Media mogul Rupert Murdoch, his son James, and former News of the World editor Rebekah Brooks face questions from British Parliament Tuesday in a growing phone hacking scandal.
British Prime Minister David Cameron cut short a trip to Africa to attend the emergency session of Parliament and contain the crisis.
News of the World reporters have been accused of illegally accessing thousands of cellphone voice mails of celebrities, politicians, rival journalists and even murder victims.
Murdoch shut down the paper last week after 168 years of publication.
The scandal has led to the resignations of London's top two police officers. Brooks and Prime Minister Cameron's former communications chief, Andy Coulson, a former News of the World Editor, have been arrested.
British reporter Sean Hoare, who first revealed the phone-hacking scandal, was found dead Monday.

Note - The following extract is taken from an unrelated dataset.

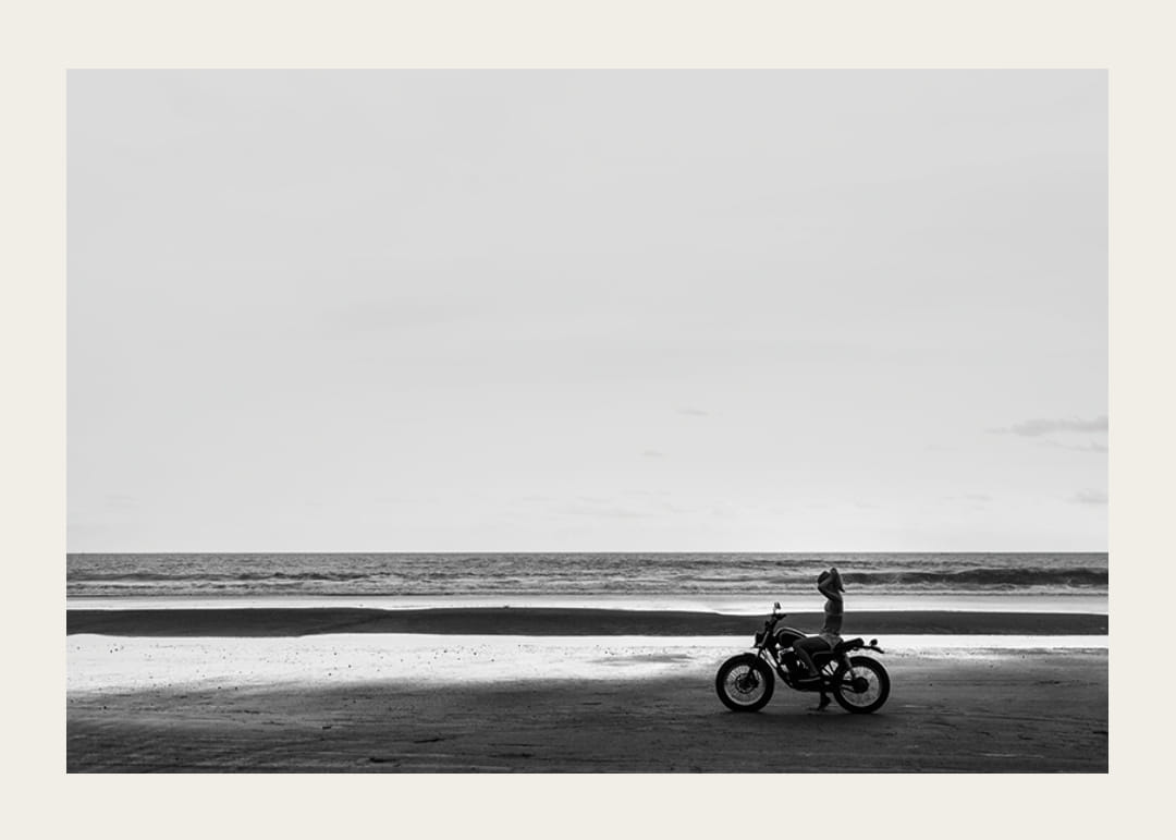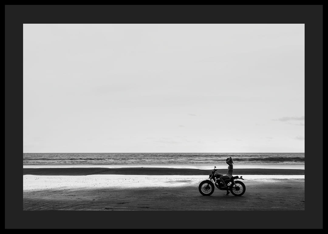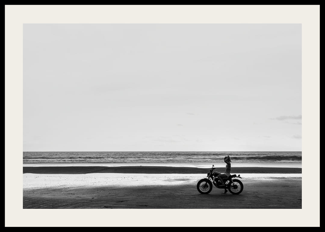 Svartvit poster med ett fotografi på en ensam motorcykel på en ödslig strand. Bilden ger en harmonisk känsla av stillhet.

Britain's Press Association news agency reports police say the death is not considered suspicious.
The New York Times had quoted Hoare as saying phone-hacking was widely used and encouraged at the tabloid under Coulson.
In the United States, the FBI has begun a probe into whether employees of Murdoch's media conglomerate tried to hack into the phones of September 11 terrorist attack victims and their families or tried to bribe police for information.
Murdoch's company owns several U.S. news and entertainment outlets, including the country's top business newspaper, The Wall Street Journal, and a major television outlet, Fox News Channel.